ITO films, types of transparent films Geomatec began technological development of in the 1970s. These transparent-yet-conductive thin films are now crucial components of the high-resolution liquid crystal displays and touch sensor functions in the smartphones people use in their daily lives. ITO stands for Indium Tin Oxide. ITO - an inorganic mixture of indium(III) oxide (In2O3) and tin(IV) oxide (SnO2)-ranges from yellow to gray in powder form, but is transparent and colorless as a thin film. This makes it widely useful as a transparent-yet-conductive thin film.[2]

Aluminum-doped ZnO (AZO) has huge prospects in the field of conductive electrodes, due to its low price, high transparency, and pro-environment. However, enhancing the conductivity of AZO and realizing ohmic contact between the semiconductor and AZO source/drain (S/D) electrodes without thermal annealing remains a challenge.[3]

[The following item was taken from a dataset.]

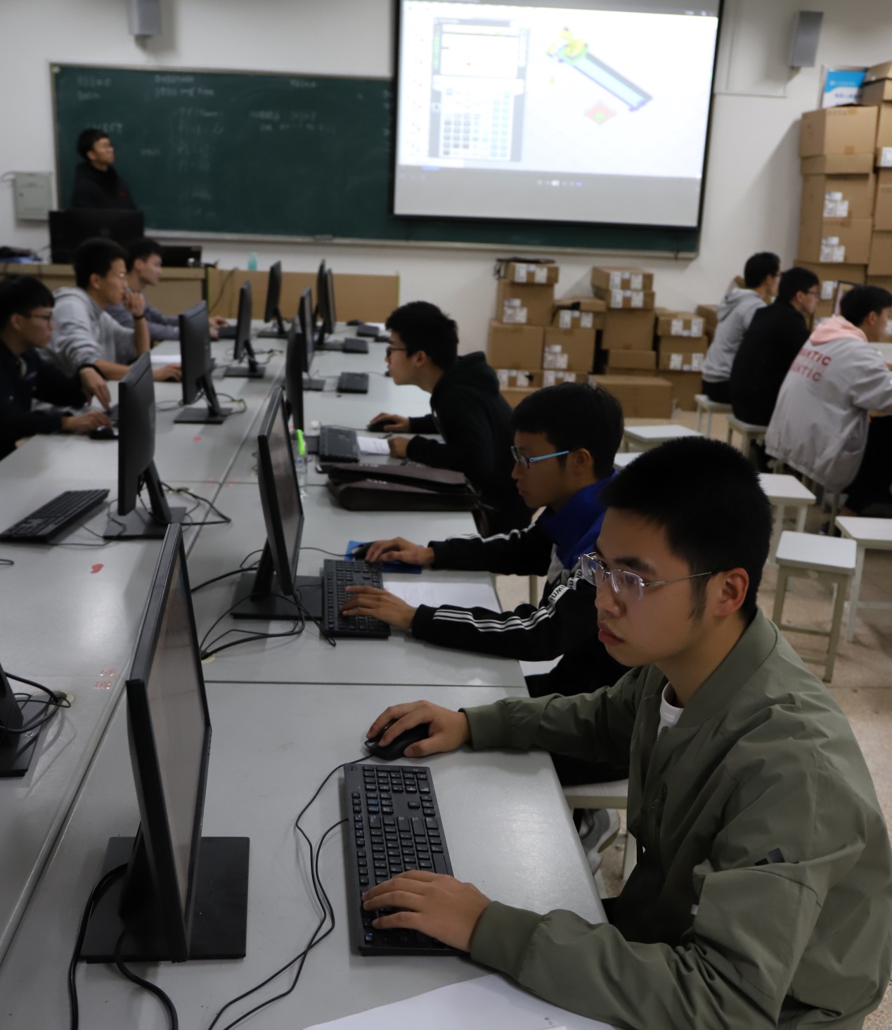 为使学生更好地了解自己的专业,掌握更深层次的专业知识,激发广大学生重技能、练技能、比技能的热情,11月20日下午,电气电子技术系技能节之工业机器人仿真竞赛在13-310拉开了帷幕。
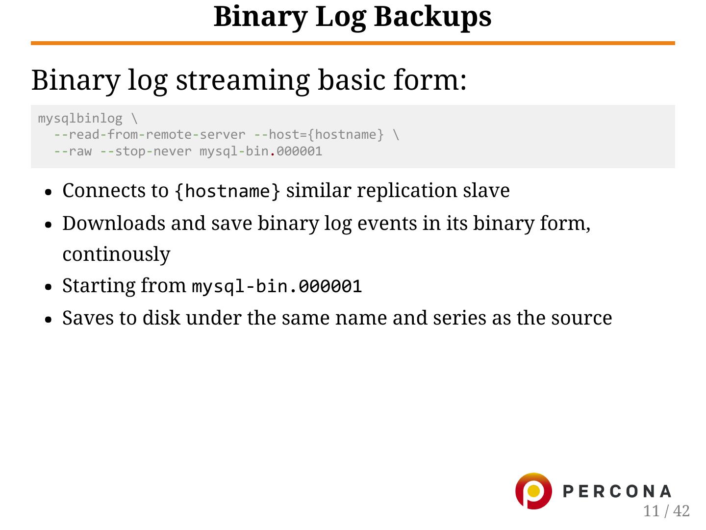 8 . Binary Log Backups Its not just another type of backup ... mysqlbinlog as primary tool of choice, but you can write your own! Support from mysqlbinlog only became available from 5.6, but can be used <5.6 servers Complements other backup types for Point in Time Recovery 8 / 42

Carbon nanotubes (CNTs) have received increasing attention due to their outstanding mechanical, thermal, and electrical properties. In particular, research has focused on realizing in macroscopic objects the properties of single CNT molecules. CNTs have been formed into neat fibers as well as thin conductive films. In particular, transparent CNT films could replace indium tin oxide (ITO) because of their flexibility, resistance to flexural fatigue, and ease of manufacturing compared to the brittle ITO films, which must be fabricated by sputtering at low pressure or chemical vapor deposition at high temperature. Moreover, CNT films may enable new applications in flexible electronics, because of their ability to bend repeatedly without cracking.[4]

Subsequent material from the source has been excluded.